LYNCHBURG, Va. (WFXR) — On Sunday afternoon in Lynchburg, Riverside Park was a bit more colorful than usual.

A non-violent protest was held to advocate for justice not only for black lives, but also for the lives recognized in the month of June: the LGBTQ community.

“It’s also pride month,” said protest organizer Stacey O’Hara. “And so we were wanting remember the queer black lives that also matter.”

O’Hara said she was only expecting around 50 people at the event on Sunday, June 7, but instead, hundreds showed up.

“It makes me feel very encouraged, very loved, and I hope… my goal is that the black queer community feels that love and the inspiration and the joy and the acceptance,” O’Hara said.

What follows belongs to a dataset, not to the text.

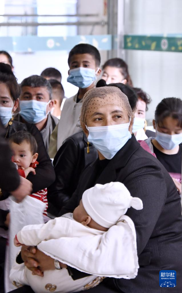 4月8日,巴楚县群众带孩子等待筛查。新华社记者 李欣 摄

“I was nervous,” said local activist Jackie Canada. “I was scared. I was like ‘ You don’t know what’s going to happen.'”

Canada and O’Hara both emphasized their appreciation from the white community in this protest.

“Back in the day, you didn’t see, you know, a lot of white people standing with us. Today, they outnumbered us,” Canada said. “I mean, they showed us love. They rooted for us. They’ve been out here in the streets, and it’s hot out here! Today showed that we really do have people for us and by out side, and that made me happy.”

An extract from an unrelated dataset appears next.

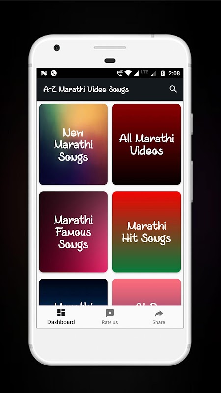 Marathi Gani, Lavani Video Songs를 언제 어디서나 온라인으로 들어보세요. 이 응용 프로그램은 최고의 컨트리 뮤직 비디오 플레이어 중 하나입니다. 아래 주어진 모든 범주에서 좋아하는 마라 티 동영상을 찾아보십시오.
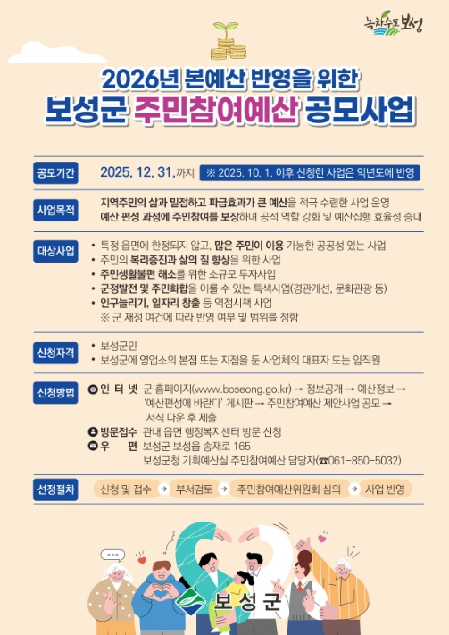 접수된 제안은 관련 부서의 타당성, 주민 수혜도 등 검토를 거친 뒤, 주민참여예산위원회 심의를 통해 최종 확정되며, 2026년도 본예산에 반영된다. 단, 2025년 10월 1일 이후 접수 건은 2027년도 예산안 편성 시 검토된다.

Canada started her own LGBTQ family — or support group for LGBTQ members — in 2018 known as the House of Flavaaz. Canada knows how much support means to the LGBTQ community.

“It’s important because I’ve seen, you know, transgenders lose their life,” Canada said, wiping tears from her eyes. “I’ve witnessed, you know, people in the gay community, as far as, you know, lesbians and gay, you know. They had no one.”

“People of color and the queer community, when they’re mixed together, they very very rarely see any justice or peace,” O’Hara added.

The fight for justice doesn’t end here, according to Canada. In fact, it goes beyond her generation, to her children when it comes time for them to take up the mantle.

“Don’t teach them to hate,” Canada said. “It’s okay to love. It’s okay to see people in the world for who they area. You don’t have to teach them to look at someone funny or ask ‘are you a boy?’ or ‘are you a girl?’ Just treat us equally.”